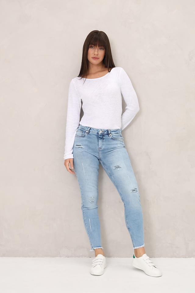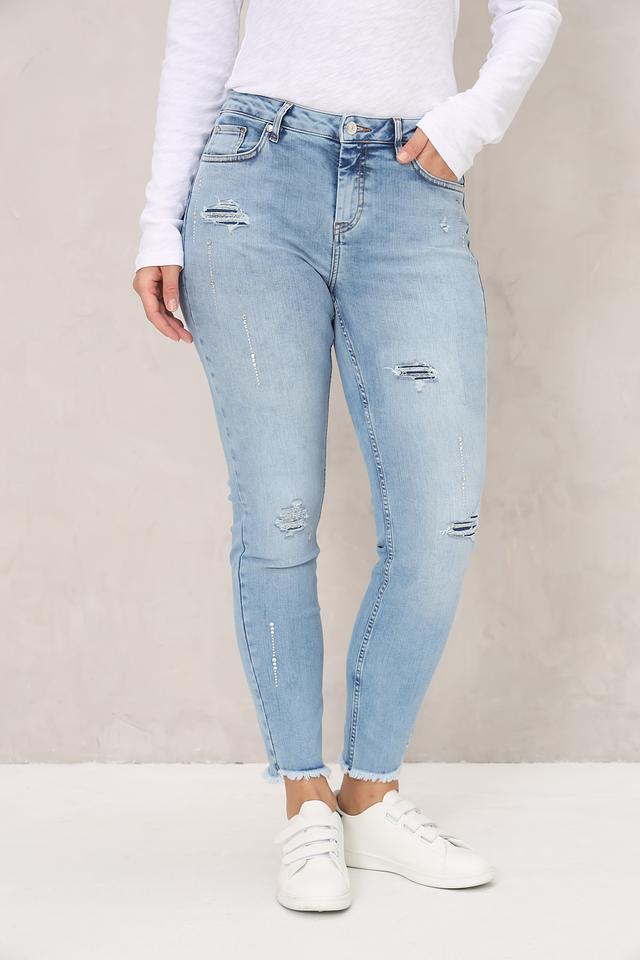 Женские джинсы Monari голубого цвета с эффектом потертостей и необработанным краем. Модель выполнена из хлопка с добавлением полиэстера и эластана для комфорта и лучшей посадки. Состав: хлопок 90%, полиэстер 7%, эластан 3%
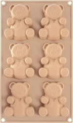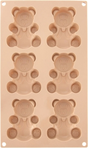 Praktičen silikonski pekač v bež barvi ustvari do 6 ljubkih medvedkov velikosti 8,5 × 7 cm. Je prožen, neprimeljiv in odporen na temperature od -40 °C do +200 °C. Primeren je za pečico, mikrovalovno pečico in zamrzovalnik ter ga je mogoče pomivati v pomivalnem stroju.
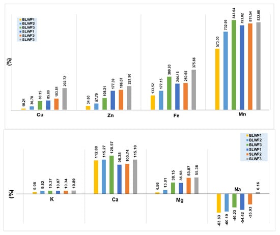 Manganese is the microelement that registered the most significant increase, varying between 573.00% in the case of substitution with 10% lentil flour (BLWF1) and 843.64% when 20% lentil flour was added to wheat flour. The recorded value for Mn in the case of type 650 wheat flour was 2.088 mg/kg and it reached a maximum value of 19.700 mg/kg in the BLWF3 variant. Ref. [
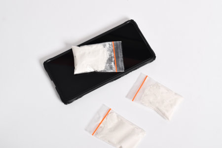 Cocaine in plastic packet isolated on white background. illustration of illegal drug substances, white powder, narcotics
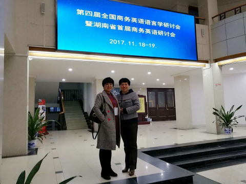 2017年11月18日-19日,由全国国际商务英语研究会、教育部高等学校商务英语专业教学协作组主办,湖南大学外国语学院承办的第四届全国商务英语语言学研讨会在湖南大学召开。我院副院长以及商务英语教学团队负责人黄丽教授及商务英语教学团队成员胡欣欣老师参加了此次会议。

→ Problem description:
Leave out the pictures and repeat exactly the lines from the first line of the data through the line containing "Praktičen silikonski pekač". Add nothing else.

→ Answer to this task:
 Женские джинсы Monari голубого цвета с эффектом потертостей и необработанным краем. Модель выполнена из хлопка с добавлением полиэстера и эластана для комфорта и лучшей посадки. Состав: хлопок 90%, полиэстер 7%, эластан 3%
 Praktičen silikonski pekač v bež barvi ustvari do 6 ljubkih medvedkov velikosti 8,5 × 7 cm. Je prožen, neprimeljiv in odporen na temperature od -40 °C do +200 °C. Primeren je za pečico, mikrovalovno pečico in zamrzovalnik ter ga je mogoče pomivati v pomivalnem stroju.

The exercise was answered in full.